One possible option is just adding another matrix.

\documentclass{article}
\usepackage{amsmath}

\begin{document}
\begin{equation*}
    \mathbf{H}=
    \begin{pmatrix}
        1 & 2 & 3 & 5\\
        1 & 1 & 4 & 2\\
        4 & 1 & 2 & 4
    \end{pmatrix}
    \begin{matrix}
        10\\10\\10
    \end{matrix}
   \end{equation*}
\end{document}

enter image description here

| improve this answer | |
  • Your solution works in this special case where all matrix cells have the standard height.
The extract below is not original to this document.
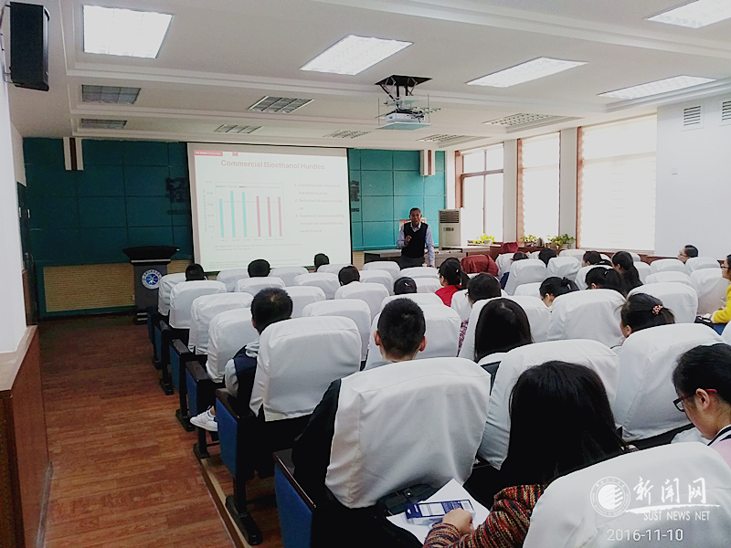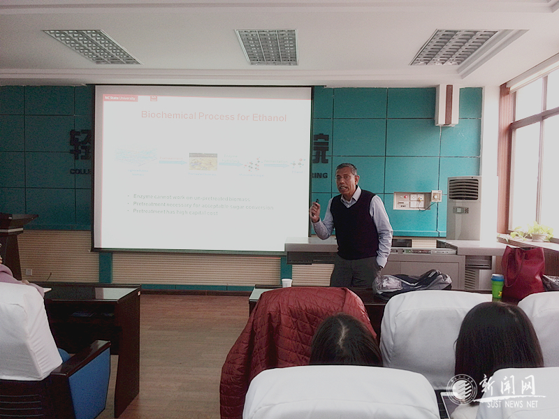 實(shí)驗(yàn)樓1B318他為在座學(xué)生作了題為“高溫預(yù)水解結(jié)合機(jī)械磨漿用于木質(zhì)纖維及木素生產(chǎn)高值化產(chǎn)品”的學(xué)術(shù)報(bào)告。本場(chǎng)報(bào)告會(huì)由輕工科學(xué)與工程學(xué)院副院長(zhǎng)張素風(fēng)教授主持,為我?!皩?dǎo)師論壇”系列學(xué)術(shù)報(bào)告。報(bào)告中,漢森·嘉米爾(Hasan Jameel)教授首先介紹了生物質(zhì)精煉的內(nèi)涵、發(fā)展及前景,主要從燃料乙醇與生物柴油轉(zhuǎn)化,琥珀酸、糠醛、羥甲基糠醛等高附加值化學(xué)品轉(zhuǎn)化,以及木素基膠黏劑與泡沫材料等方面進(jìn)行了詳細(xì)闡述。他重點(diǎn)講述了高溫預(yù)水解結(jié)合機(jī)械法磨漿預(yù)處理在生物質(zhì)精煉中的重要性與優(yōu)勢(shì),其優(yōu)勢(shì)在于綠色環(huán)保性、低成本、弱腐蝕性、與酸預(yù)處理相比具有較少的降解產(chǎn)物、無(wú)硫殘余物(木素),有利于高附加值產(chǎn)品轉(zhuǎn)化等。隨后他又闡述了由于成本較高導(dǎo)致木質(zhì)纖維素轉(zhuǎn)化乙醇此路線受制約的問(wèn)題,因此未來(lái)需要將預(yù)處理后所得木聚糖、纖維素、木素等進(jìn)行分離分級(jí),進(jìn)而轉(zhuǎn)化為不同化學(xué)品材料,如木材膠黏劑、泡沫材料等。

It doesn't work when the cells contain something like \frac{\frac12}3. – Roland Illig Apr 27 '19 at 13:34
  • Sure, LaTeX has many packages for dealing with cases with different complexities, but one should go for the simplest solution first, generalization has its cost! – AboAmmar Apr 27 '19 at 14:17
5

Considering that matrices are also arrays, I provide a version with basic LaTeX tools:

enter image description here

\documentclass{article}
\usepackage{amsmath}

\begin{document}

\[\mathbf{H}=\Bigg(
\begin{array}{cccc}
    1 & 2 & 3 & 5\\
    1 & 1 & 4 & 2\\
    4 & 1 & 2 & 4
\end{array}\Bigg)
\begin{array}{c}
    10\\
    10\\
    10
\end{array}
\]

\end{document}
| improve this answer | |
2

EDIT after the advice of the 2019-10-24 of the author of nicematrix @F. Pantigny reported in the comment.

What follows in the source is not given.